Negotiated Prices, Formulary Could Cut Medicare Rx Spending

Findings based on analysis of 31 different insulin products using 2017 VA formulary and prices
insulin vial
insulin vial

WEDNESDAY, Feb. 5, 2020 (HealthDay News) -- Using negotiated prices and a defined formulary, similar to the Department of Veterans Affairs (VA), Medicare could save billions of dollars on prescription insulin for patients with diabetes, according to a research letter published online Feb. 3 in JAMA Internal Medicine.

William B. Feldman, M.D., from Brigham and Women's Hospital in Boston, and colleagues estimated the savings that would result if Medicare Part D used VA-negotiated prices (based on the Historical VA Pharmaceutical Price Files) and the VA formulary.

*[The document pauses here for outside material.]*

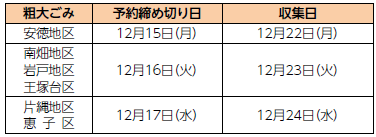 年末は、特に粗大ごみの収集予約が大変込み合いますので、できる限り早めに予約をお願いします。
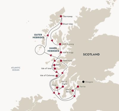 Immerse yourself in the untamed beauty of the Hebrides, where dramatic landscapes meet storied pasts. Highlights include Loch Scavaig on the Isle of Skye, the tranquil Isle of Gigha, and the sacred Isle of Iona. Discover ancient castles, historic homes, and mysterious standing stones, all while appreciating Scotland’s cultural treasures — whisky, tartan, and tweed.

The researchers found that in 2017, Medicare Part D spent $13.3 billion before rebates and $7.8 billion after estimated rebates on 31 different insulin products across six classes. If Medicare Part D had used VA-negotiated prices, it would have spent $5.0 billion, saving $2.9 billion compared with after-rebate spending. If Medicare Part D had also implemented the VA's formulary restrictions within each insulin class (and used national contract prices), total Part D spending would have been $3.5 billion, yielding savings of $4.4 billion compared with after-rebate spending.

"Our analysis underscores the potential for Congress to reduce prescription drug spending by allowing Medicare to negotiate with manufacturers and establish a formulary like the VA," the authors write.